:: WHAT IS REQUIRED ::
Write out exactly the lines below that run from the one containing "Добавьте нотку причудливости" through the one containing "- Explaining the", both included, with no other lines.

:: RECORDS FOR THE EXERCISE ::
----
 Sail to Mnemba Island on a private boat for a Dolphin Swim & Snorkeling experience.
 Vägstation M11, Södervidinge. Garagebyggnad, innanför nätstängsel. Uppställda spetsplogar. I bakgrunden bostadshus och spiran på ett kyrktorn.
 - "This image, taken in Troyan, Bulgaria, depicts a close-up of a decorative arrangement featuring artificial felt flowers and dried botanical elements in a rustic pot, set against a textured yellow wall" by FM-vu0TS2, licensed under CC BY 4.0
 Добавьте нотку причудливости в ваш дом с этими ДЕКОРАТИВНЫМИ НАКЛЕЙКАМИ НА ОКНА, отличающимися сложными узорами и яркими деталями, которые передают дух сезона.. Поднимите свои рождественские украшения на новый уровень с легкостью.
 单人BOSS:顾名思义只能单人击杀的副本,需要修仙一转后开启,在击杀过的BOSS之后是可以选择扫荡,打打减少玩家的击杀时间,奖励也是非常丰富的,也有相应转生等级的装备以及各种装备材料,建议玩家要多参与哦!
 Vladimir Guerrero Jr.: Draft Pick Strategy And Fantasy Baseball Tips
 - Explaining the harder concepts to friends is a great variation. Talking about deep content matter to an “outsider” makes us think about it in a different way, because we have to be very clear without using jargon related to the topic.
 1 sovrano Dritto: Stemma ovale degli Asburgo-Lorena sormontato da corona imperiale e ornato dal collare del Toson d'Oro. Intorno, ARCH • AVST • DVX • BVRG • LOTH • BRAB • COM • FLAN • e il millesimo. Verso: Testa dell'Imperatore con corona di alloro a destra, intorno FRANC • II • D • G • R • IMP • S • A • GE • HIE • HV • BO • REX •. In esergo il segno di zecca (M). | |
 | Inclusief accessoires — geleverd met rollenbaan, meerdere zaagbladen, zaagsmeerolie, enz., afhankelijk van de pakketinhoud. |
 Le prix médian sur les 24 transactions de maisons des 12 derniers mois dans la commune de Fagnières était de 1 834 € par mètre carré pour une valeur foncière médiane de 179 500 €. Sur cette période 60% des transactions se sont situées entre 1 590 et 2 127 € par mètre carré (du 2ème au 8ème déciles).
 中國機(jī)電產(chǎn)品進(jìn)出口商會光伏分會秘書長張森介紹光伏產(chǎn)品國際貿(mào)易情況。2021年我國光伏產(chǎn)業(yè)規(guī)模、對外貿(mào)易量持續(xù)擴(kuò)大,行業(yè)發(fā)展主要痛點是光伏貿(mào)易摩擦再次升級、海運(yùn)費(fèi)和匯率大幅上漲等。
----
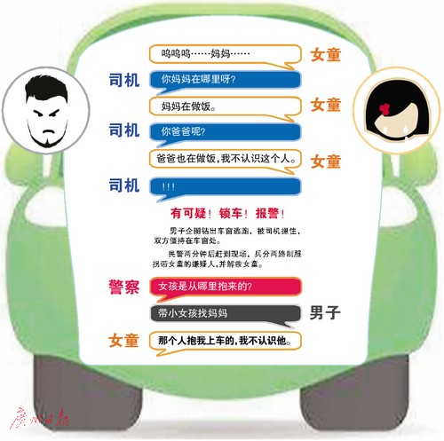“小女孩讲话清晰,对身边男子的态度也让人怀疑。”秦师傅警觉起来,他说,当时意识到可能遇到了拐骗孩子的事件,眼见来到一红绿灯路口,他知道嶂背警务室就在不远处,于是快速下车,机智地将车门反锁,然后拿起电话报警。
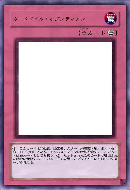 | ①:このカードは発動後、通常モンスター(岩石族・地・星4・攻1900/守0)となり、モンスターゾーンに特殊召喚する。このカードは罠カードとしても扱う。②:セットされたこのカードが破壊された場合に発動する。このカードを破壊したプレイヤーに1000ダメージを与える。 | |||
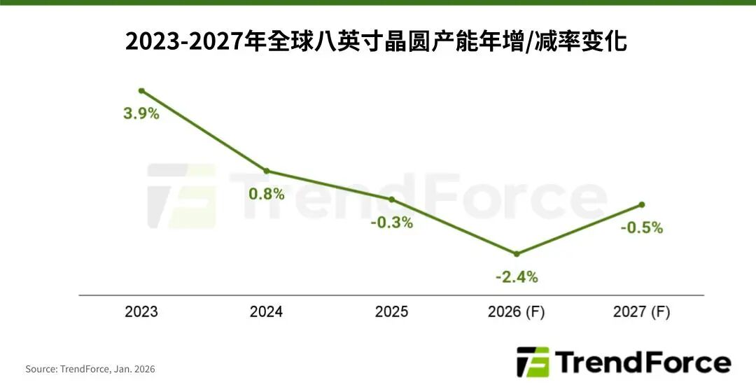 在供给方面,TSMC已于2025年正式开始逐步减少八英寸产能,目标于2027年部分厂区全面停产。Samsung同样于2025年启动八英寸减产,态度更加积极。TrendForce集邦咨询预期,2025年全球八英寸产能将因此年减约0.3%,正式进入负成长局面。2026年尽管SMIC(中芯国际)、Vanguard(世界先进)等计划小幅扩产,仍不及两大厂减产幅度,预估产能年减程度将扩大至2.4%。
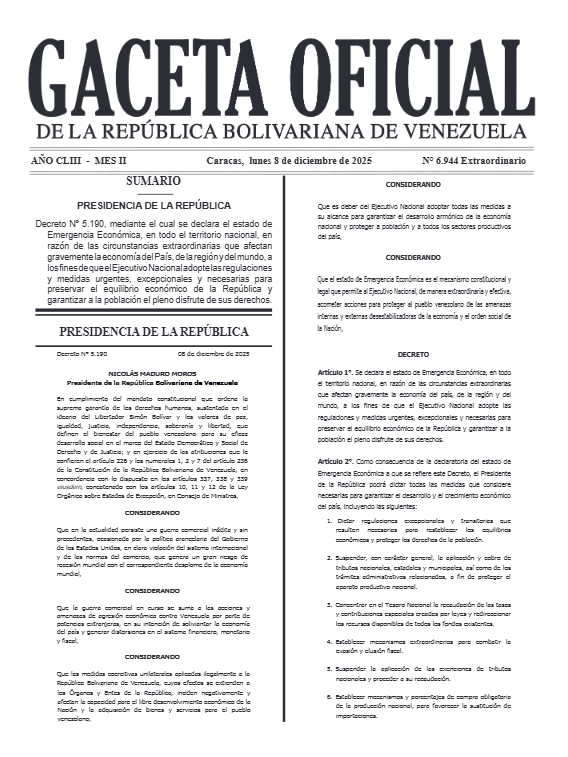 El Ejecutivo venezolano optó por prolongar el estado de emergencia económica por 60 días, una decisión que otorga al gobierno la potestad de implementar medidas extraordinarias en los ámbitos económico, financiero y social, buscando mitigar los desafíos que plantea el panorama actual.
----
:: TASK OUTPUT ::
 Добавьте нотку причудливости в ваш дом с этими ДЕКОРАТИВНЫМИ НАКЛЕЙКАМИ НА ОКНА, отличающимися сложными узорами и яркими деталями, которые передают дух сезона.. Поднимите свои рождественские украшения на новый уровень с легкостью.
 单人BOSS:顾名思义只能单人击杀的副本,需要修仙一转后开启,在击杀过的BOSS之后是可以选择扫荡,打打减少玩家的击杀时间,奖励也是非常丰富的,也有相应转生等级的装备以及各种装备材料,建议玩家要多参与哦!
 Vladimir Guerrero Jr.: Draft Pick Strategy And Fantasy Baseball Tips
 - Explaining the harder concepts to friends is a great variation. Talking about deep content matter to an “outsider” makes us think about it in a different way, because we have to be very clear without using jargon related to the topic.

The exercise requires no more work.